Speaker of the Mississippi House of Representatives
- In office 1844–1846
- Preceded by: R. W. Roberts
- Succeeded by: James Whitfield

Member of the Mississippi House of Representatives from Marshall County
- In office 1844–1848

Member of the Tennessee Senate representing Gibson County, Carroll County and Dyer County
- In office 1835–1837

Sheriff of Carroll County
- In office 1822–1832

Personal details
- Born: 1803 or 1804 Tennessee, U. S.
- Party: Democratic

= J. L. Totten =

American politician

James L. Totten was an American politician who served as the Speaker of the Mississippi House of Representatives between 1844 and 1846.

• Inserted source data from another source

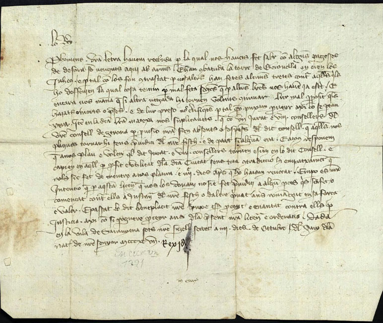 (Ampliar) - 4 d'octubre de 1391. Joan I als jurats i prohoms de la ciutat de Girona. Els respon que condemnin a mort els pagesos forans que ataquin de nou la torre Gironella on es refugiaven els jueus. Lletres reials. Ajuntament de Girona.
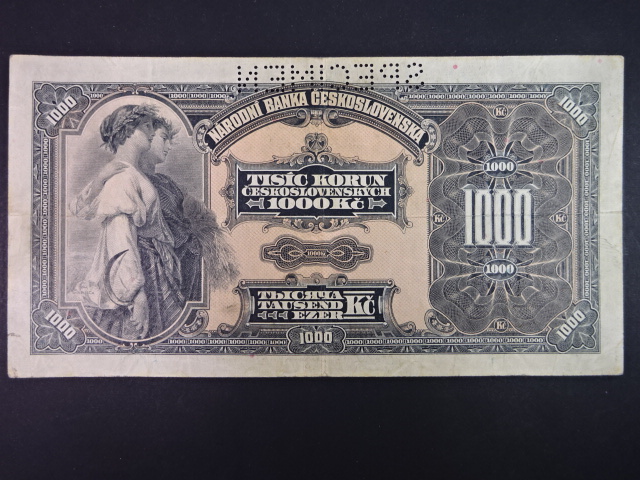 1000 Kč 1932 série A, perf. SPECIMEN
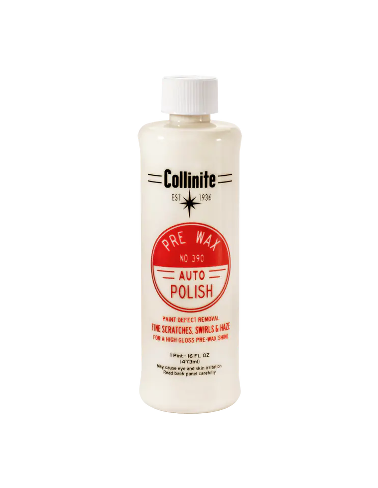 Collinite #390 Pre-wax Auto Polish - zupełnie nowy, lekko-ścierny cleaner który eliminuje niewielkie niedoskonałości lakieru takie jak drobne zarysowania, swirle, ślady po twardej wodzie, lekkie utlenienia, ryski po myciu itp. Cleaner #390 oferuje świetne wykończenie powierzchni na wysoki połysk i nadaje lakierowi wyraźną gładkość.

James L. Totten was born in 1803 or 1804 in Tennessee.

Totten served as the sheriff of Carroll County, Tennessee between 1822 and 1832. Between 1825 and 1831, Totten also served as a clerk of the Gibson County Circuit Court.
Totten served one term in the Tennessee Senate between 1835 and 1837, representing Dyer, Gibson and Carroll Counties.

He then moved to Holly Springs, Mississippi, and farmed there.

Totten served one term in the Mississippi House of Representatives from 1844 to 1846, representing Marshall County as a Democrat. During the term, Totten served as Speaker of the House. He served a second House term from 1846 to 1848.